Rule #1: Communicate their way.

A major hamburger chain had a very effective commercial about letting the customer "Have it your way." It works the same for your communications with a client during the transaction process. The best way to know what they prefer is to ask them, but you can often figure that out based on how they have been communicating with you during the listing or home search process.

Action #1: Do it their way end-to-end.

Most of today's younger generations are doing everything online, and much of that on their smartphones. Texting is their primary way to communicate with each other and that's likely how they'll want to work with you. The older clients, many later baby boomers, will often be big email users, and they may hate texts or using those tiny phone keyboards. Some clients will let you know they prefer more phone and in-person discussion because that's how they'll have been contacting you.

Whichever of these methods is their preference, make a note of it and work with them their way, from contract discussion to sending them their closing appointment information.
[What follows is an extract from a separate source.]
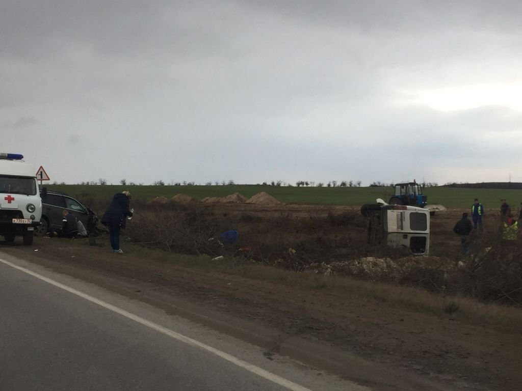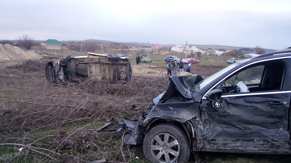 По имеющимся данным, 30-летний водитель микроавтобуса Peugeot Boxer, двигаясь со стороны Симферополя в направлении Феодосии, выехал на полосу встречного движения, но потерял управление и врезался в обгоняемый автомобиль Chevrolet Niva. После этого Peugeot столкнулся со встречным Volkswagen Touareg и затем опрокинулся в кювет.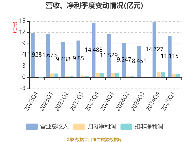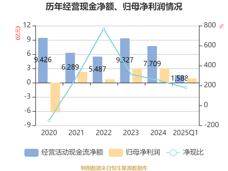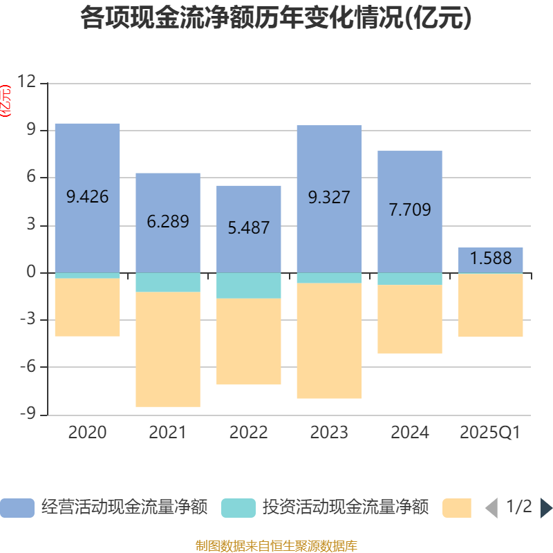 截至2025年一季度末,公司经营活动现金流净额为1.59亿元,同比下降40.76%;筹资活动现金流净额-3.97亿元,同比减少2.42亿元;投资活动现金流净额-877.15万元,上年同期为-1035.89万元。

Sure, sometimes you will need to meet in person for documents and easier explanation of complicated stuff, but most of your daily communication can be done their way.

Rule #2: They don't know what they don't know.

Huh? Whether they're a first-time homebuyer or seller or they have past transactions under their belt, there are things that they do not know. Maybe things have changed, notably closing documents after the housing crash and new rules and regulations. Don't assume that someone who has bought and sold houses before will not need some information.

Action #2: Know their experience and tailor your communication.

You don't have to get crazy about this, but you do not want to drop a ball by not giving basic information to a novice. You also do not want to seem condescending when communicating with someone who has been through it before. Just be conscious of their experience level when sending them notices and explaining documents and processes. The first-time buyer or seller will appreciate deep explanations, or at least they will not be offended by them.

For the more experienced, you can still send them notifications of deadlines and document explanations, but you can do it a little differently. Maybe a reminder to check out the inspection report carefully for action by a dated deadline would look something like, "I know that you're aware of the need to take a hard look at the inspection report with time to react before our response deadline of [date]. I just know that you're busy, so wanted to let you know that I'm available to discuss the report at your convenience."

Rule #3: Use technology to everyone's advantage.

There are some amazing transaction management software and online resources out there. They make task tracking, deadline management, and document sharing easier than in the past, and very efficient. Use them, documenting everything along the way. The ability to share documents online is powerful, and there are many notices and documents that can be delivered that way without your personal presence. At the very least, you can send that inspection report as a digital file for the client to review in preparation for meeting with you to discuss it.

Action #3: Provide a post-transaction document dump.

Actually, "dump" isn't the best description. Once a transaction is closed, there is an awesome service you can perform that your clients will not only appreciate, but they'll also tell others about. Along the way, convert all of the documents to PDF files, and then combine them after closing into one large document. PDF files are easily searchable, and your clients will appreciate a year from now the ability to look up something they need without pawing through file folders.

There are many reasons that a transaction document will need to be referred to in the future, and this provides them with a great tool. If you feel that emailing this is too bulky, today you can buy small thumb drives for under five bucks. Put the documents on one and then deliver it on a visit to their new home a couple of weeks after the closing.

Do these things and you'll create customers for life that send you other customers. If you do use a transaction coordinator or service, take control and make sure that you stay personally involved as well. Don't just dump the clients on the coordinator and see them again at closing.